Records excerpted from a collection:
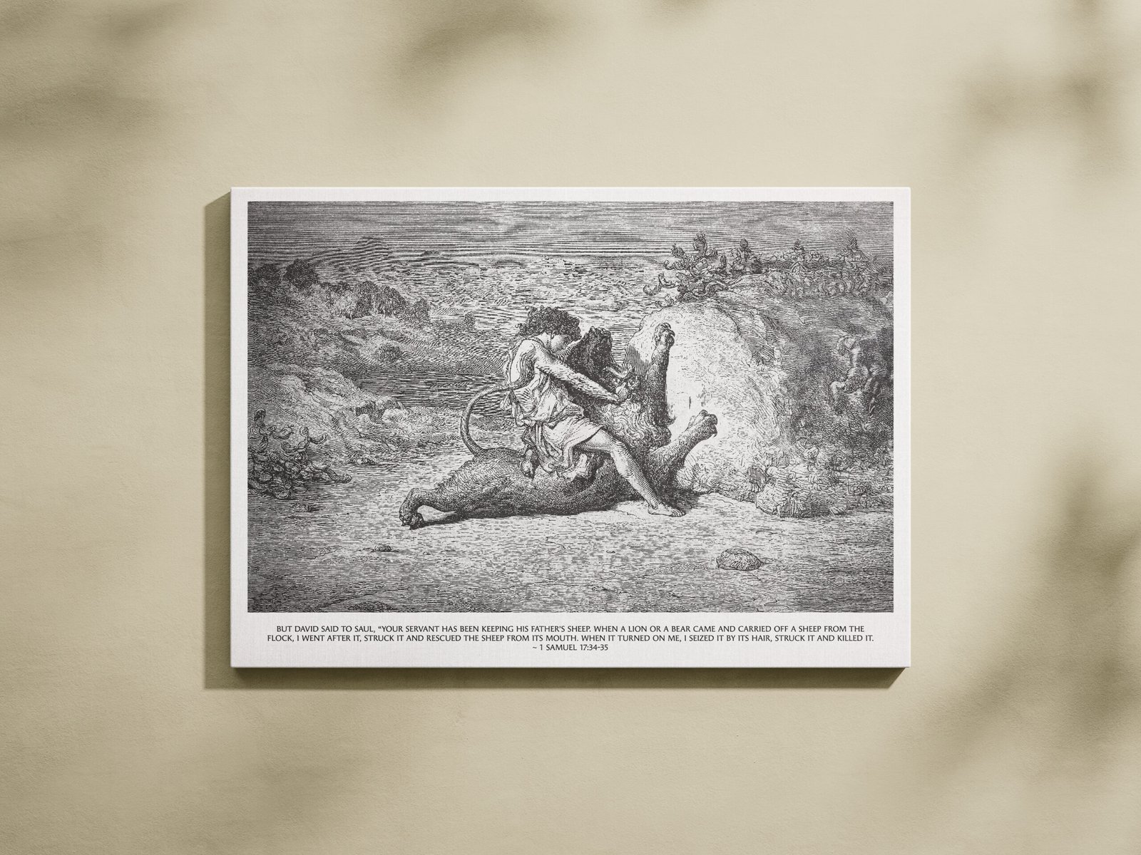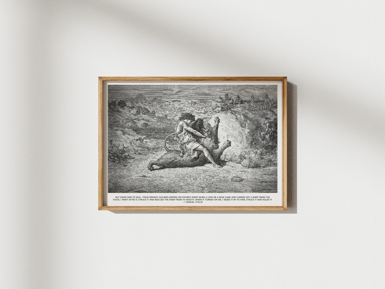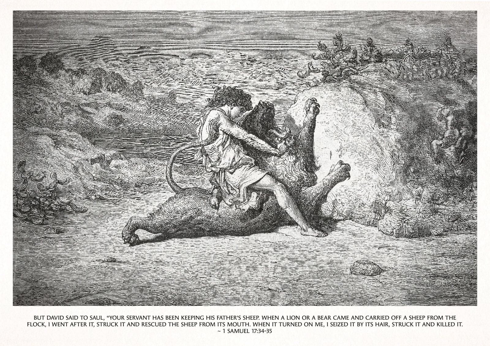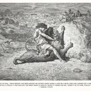 David Slaying Lion Print: Gustave Doré Etching Biblical Art Christian Wall Art (Digital Download)
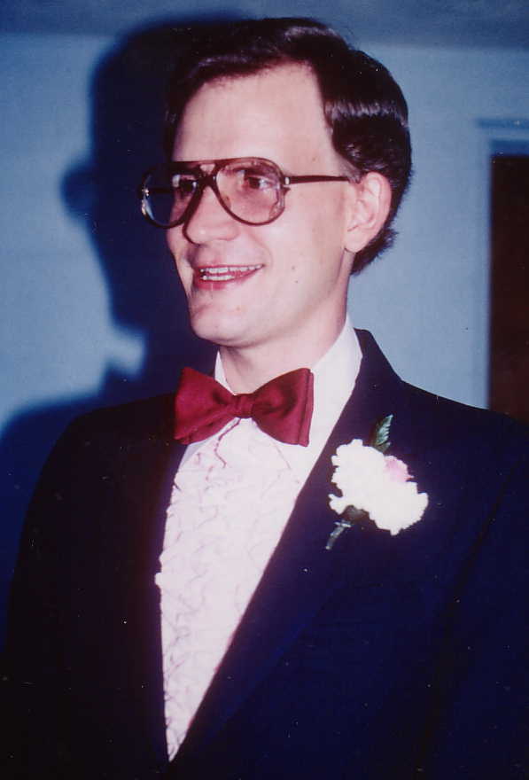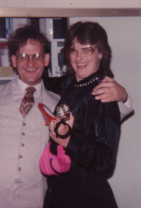 Husband and Father. This is one of the few family pictures of the three of us together. We really had a good time during this period. I worked pretty insane hours, but from Friday evening to Sunday night, I would take Nick, and give Leslie a much needed break. We'd go shopping, go to meetings, go pretty much everywhere, together. I'd also videotape the saturday cartoons, and watch them with Nicky. Nicky was a big fan of MTV at this age. Although our marriage had become platonic (she was physically unable to have sex for several years), we were still very affectionate and intimate. We'd cuddle all night, often with Nicky in the bed with us, and we'd talk, sometimes well into the night. We had a rule that we didn't fight or argue in bed, and we'd just listen, and share whatever our concerns were. We worked out our finances this way. | |
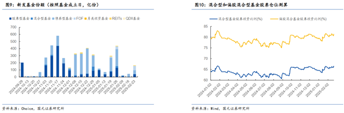 1. 新发基金份额增加。本周新发基金份额边际增加,股票型基金合并发行份额41.38亿元。本周公募混合型基金估测仓位边际上升,偏股混合基金估测仓位小幅度下降,分别为66.51%和81.38%。
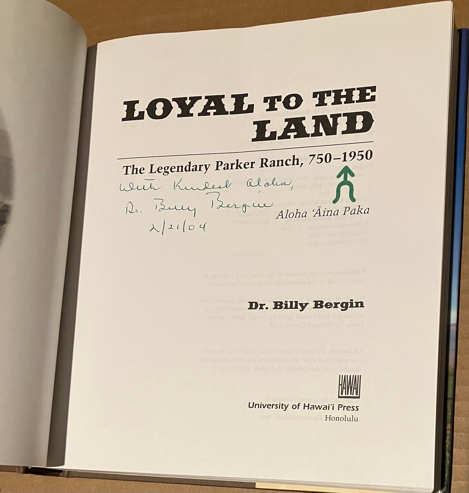 | Loyal to the Land: The Legendary Parker Ranch, 750 – 1950, Aloha ʻĀina Paka Get this book on Amazon (4.6/5 stars – 35 ratings). A few copies exist for sale on Ebay. Back to the main menu. Back to 5StarBookFinder | ![]() Cover Table of Contents Inside Cover Sample Page 1 Sample Page 2 Sample Page 3 |
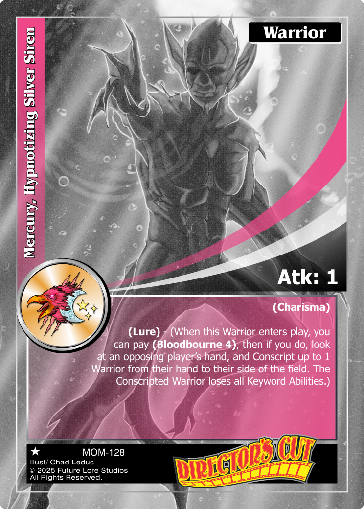 (Lure) – (When this Warrior enters play, you can pay (Bloodbourne 4), then if you do, look at an opposing player’s hand, and Conscript up to 1 Warrior from their hand to their side of the field. The Conscripted Warrior loses all Keyword Abilities.)
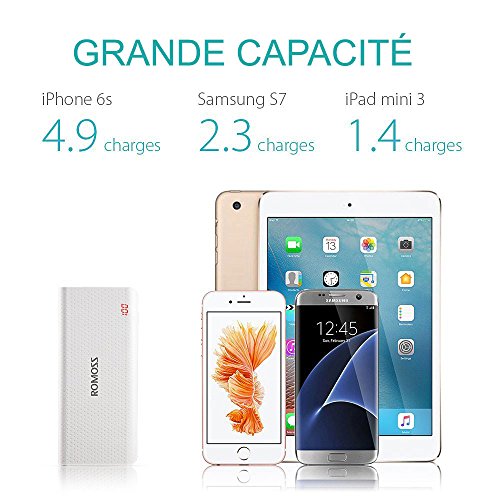 ROMOSS Batteria di Emergenza 10400 mAh 2 Porte USB con Display LED per Smartphone/Tablet/Oggetto collegato Bianco

Problem statement: Pictures aside, return exactly the lines from the data above, starting at the line that has "Husband and Father." and ending at the line that has "(Lure) – (When", both included.

The completed task:
 Husband and Father. This is one of the few family pictures of the three of us together. We really had a good time during this period. I worked pretty insane hours, but from Friday evening to Sunday night, I would take Nick, and give Leslie a much needed break. We'd go shopping, go to meetings, go pretty much everywhere, together. I'd also videotape the saturday cartoons, and watch them with Nicky. Nicky was a big fan of MTV at this age. Although our marriage had become platonic (she was physically unable to have sex for several years), we were still very affectionate and intimate. We'd cuddle all night, often with Nicky in the bed with us, and we'd talk, sometimes well into the night. We had a rule that we didn't fight or argue in bed, and we'd just listen, and share whatever our concerns were. We worked out our finances this way. | |
 1. 新发基金份额增加。本周新发基金份额边际增加,股票型基金合并发行份额41.38亿元。本周公募混合型基金估测仓位边际上升,偏股混合基金估测仓位小幅度下降,分别为66.51%和81.38%。
 | Loyal to the Land: The Legendary Parker Ranch, 750 – 1950, Aloha ʻĀina Paka Get this book on Amazon (4.6/5 stars – 35 ratings). A few copies exist for sale on Ebay. Back to the main menu. Back to 5StarBookFinder | ![]() Cover Table of Contents Inside Cover Sample Page 1 Sample Page 2 Sample Page 3 |
 (Lure) – (When this Warrior enters play, you can pay (Bloodbourne 4), then if you do, look at an opposing player’s hand, and Conscript up to 1 Warrior from their hand to their side of the field. The Conscripted Warrior loses all Keyword Abilities.)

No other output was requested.